The different mixtures are then loaded onto a polyacrylamide gel in order to differentiate the DNA fragment sizes by electrophoresis, which are visualized by the use of the radioactive tag.
In order to read the sequence, you must begin at the bottom of the gel with the smaller fragments and work your way up. In order to identify each base, the band patterns must be interpreted in relation to each chemical reaction. So, if the band appears in the G-reaction and G+A reaction lanes, then that base must be G. Similarly, if a band in the DNA sequence appears in only the G+A lane, then it is A and the same process works for the C and C+G lanes.
Although the Maxam–Gilbert method was once the most popular sequencing methods, it lost traction for a number of reasons. Firstly, it was incredibly time-consuming, there were a lot of steps involved, which were time-consuming themselves; and more steps means more opportunities for mistakes. If there were to be an error and the results weren’t reproducible, then there would be an even bigger issue of troubleshooting and more time spent making corrections.

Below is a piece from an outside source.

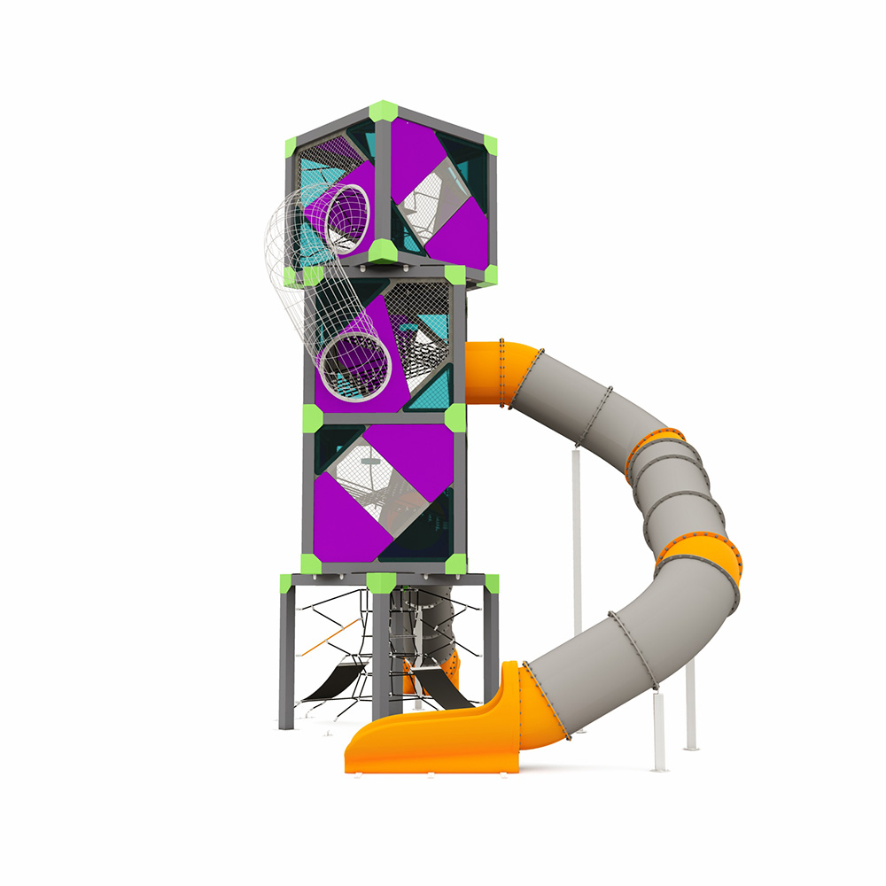 CUBE-serien er inspirert av modulær arkitektur som kombinerer lekens dynamikk med funksjonell design. Strukturene er bygd opp av sammenkoblede kuber, som skaper vertikale rom fulle av eventyr. De oppmuntrer til utforskning, balanse og koordinasjon, og fremmer fysisk og kognitiv utvikling. Innvendig kan barn klatre i klatrenett, gummiknuter og tekstilpresenninger som stimulerer aktiv lek og motorisk utvikling.

This method could only confirm 200–300 bases of DNA every few days so encountered difficulties with scale-up. Considering the human genome contains approximately 3 billion base pairs, this is understandable.
In terms of health and safety, the method wasn’t the best option either. There were high amounts of radioactive compounds involved, as well as use of a known neurotoxin – hydrazine. The use of dimethyl sulfate is also a cause for concern. Whilst these substances can still be handled, if protocols are implemented and followed, and with appropriate caution taken; biologically focused labs may have been more comfortable with more enzymatically-based approaches towards sequencing, such as Sanger’s method.
The simplification of Sanger sequencing and rapid development of other techniques caused a loss of appeal of Maxam–Gilbert chemical sequencing. New technologies were introduced in the mid-1980s and Sanger sequencing took over, with the Maxam–Gilbert method becoming a specialty.
Gilbert did not anticipate at the time of his invention that DNA sequencing might be used to one day sequence an entire genome, until he was invited to a meeting in 1985 regarding just that:
“I went to that meeting thinking that’s the silliest thing I’ve ever heard of. That’s so much larger than things we’re sequencing now. But at the meeting, when I thought about where the technology had got to, I realised it was probably possible to sequence a genome and then I became an advocate of the idea of sequencing the genome,” said Gilbert.
“When I started it was one base a month, now its billions of bases in an afternoon. I find it unimaginable to have been a part of this entire effort.”
As with all branches of scientific research, evolution of techniques and theories is necessary. However, you can’t help but feel a bit nostalgic about the loss of classic, reliable and once-pioneering methods.